Public grouping keys #737

mccalluc · 2025-11-21T14:39:39Z

Fix Prompt for members of groups #736

This gets a little complicated because the user provided values need to match the type of the column, so I've added the inferred schema to the appstate.

For reviewer:

Does the UI seem ok? Does the explanation make sense?
Does the generated notebook seem good? Is the code idiomatic?
QA: Does it actually seem to work? Have I added enough test coverage?

TODO:

Public grouping keys for synthetic data #742

… to check user-supplied grouping keys

ekraffmiller · 2025-12-01T22:10:25Z

Hi @mccalluc, I tested this with some data that has numeric data, for example a column called 'married' that has values 0 or 1. When I try to group by that column, I get an error, see below.
When I use the sample.csv file and group by class_year_str, it works. Is this a known issue for numeric keys?

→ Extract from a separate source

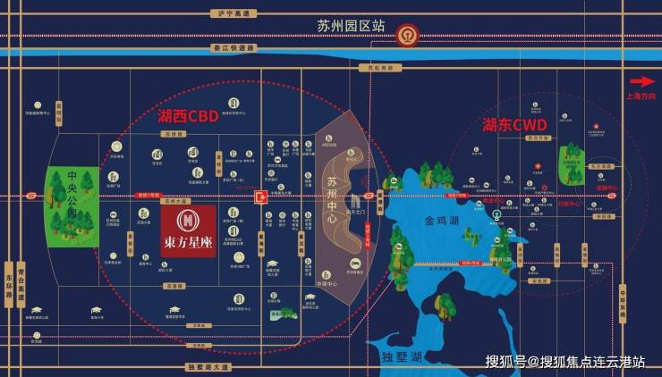 公路与高铁:5分钟接驳南环/北环高架,20分钟覆盖苏州主城区;距苏州园区高铁站约5公里、苏州火车站约7公里

mccalluc · 2025-12-01T22:49:39Z

@ekraffmiller , It should work with integer columns (and I added an integer class_year to the sample.csv, and that worked locally), but it obviously doesn't work for you. Looking at the stack trace, it looks like the type sniffing failed: "0", "1" are strings rather than integers.

Can you attach the CSV you're using, either here, or in Slack? And are you just grouping, or are you grouping and specifying public keys? (Which reminds me that the public keys should be included in the summary line at the top.) Thanks!

ekraffmiller · 2025-12-02T14:41:52Z

@ekraffmiller , It should work with integer columns (and I added an integer class_year to the sample.csv, and that worked locally), but it obviously doesn't work for you. Looking at the stack trace, it looks like the type sniffing failed: "0", "1" are strings rather than integers.

Can you attach the CSV you're using, either here, or in Slack? And are you just grouping, or are you grouping and specifying public keys? (Which reminds me that the public keys should be included in the summary line at the top.) Thanks!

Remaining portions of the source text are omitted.